D. Applying the s. 11(b) Framework
(a) Introduction
[21] As summarized by a unanimous Supreme Court in R. v. Godin, supra, at para. 18:
Whether delay has been unreasonable is assessed by looking at the length of the delay, less any periods that have been waived by the defence, and then by taking into account the reasons for the delay, the prejudice to the accused, and the interests that s. 11(b) seeks to protect.
The "length of the delay" for the instant s. 11(b) analysis is the period between February 6, 2012 (the date the Information charging the defendant was sworn) and April 15, 2013 (the defendant's second scheduled trial date). The Crown rightly concedes that this global delay of some 14.3 months attracts constitutional scrutiny. It is also acknowledged that there has been no waiver of s. 11(b) protection for any of the intervals that compose this delay; accordingly, the total delay for purposes of constitutional reckoning remains 14.3 months. None of this delay is attributable to the conduct of the defendant. Its explanation falls to three heads of consideration: the inherent time requirements of the case, the actions of the Crown and limits on institutional resources. Prejudice to the defendant must, of course, be factored into the ultimate assessment of whether the pre-trial delay is unreasonable, as must consideration of the societal interests that s. 11(b) is intended to protect.

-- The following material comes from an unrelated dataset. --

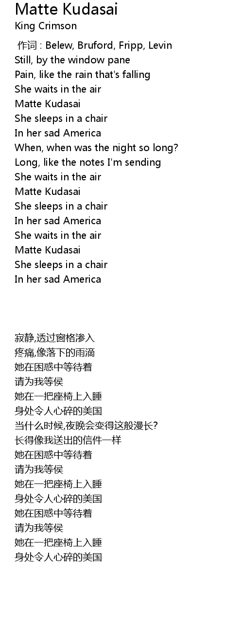 | [00:00.00] | 作词 : Belew, Bruford, Fripp, Levin |
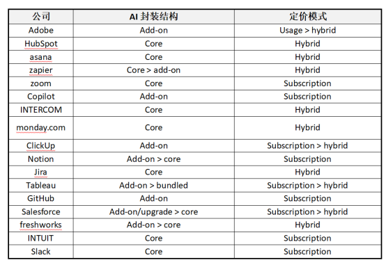 从这张表中,我们大致可以看清AI封装和定价模式的演进趋势:

(b) The Reasons for the Delay
(i) Inherent Time Requirements of the Case
[22] This is a routine case of care and control while impaired and while having an excessive BAC. Neither party suggests that there are any unusual or complex facets to its prosecution or defence. There have been no notices of expert witnesses. Although I have not been provided with a copy of the Crown brief, there seems no reason to believe that its prosecution can involve much more than the testimony of the officers who first attended on the defendant, the on-scene and booking room videotape evidence, if any, and the certificate of analysis of a qualified breath technician. Even if a constitutional argument is advanced, counsel, following a Crown pre-trial meeting, are agreed that no more than one day, by way of a blended proceeding, is required for a full trial of the matter, including any Charter motions.
[23] Further, the nature of the case is such that the entirety of the evidence necessary for its prosecution was complete by the time the officers concluded their shifts on the day of the defendant's arrest. Disclosure preparation required no more than the copying of the officers' notes, the documentation related to service of the relevant certificate and any videotape evidence. Yet, for reasons that remain unexplained and confounding, the defendant was not required to attend in court for some seven weeks after his release from the station on February 2, 2012. Some disclosure was provided to the defence on that first appearance date, March 23, 2012. Despite the seven-week hiatus and an express defence request for full disclosure, neither the certificate of analysis or in-car video was available on that date. No reason has been advanced for the delay in their production. The defence had already set a Crown pre-trial meeting by the return date (April 5, 2012) necessitated by the incomplete disclosure and was prepared to set a date for trial on the following appearance, April 19, 2012. A missing Crown brief led to a further adjournment, if only for one day, to April 20th. The defence was then prepared to accept the "very first available date" offered by the trial co-ordinators' office, that of September 20th, but the Crown was not available until September 28th, which date was fixed for trial.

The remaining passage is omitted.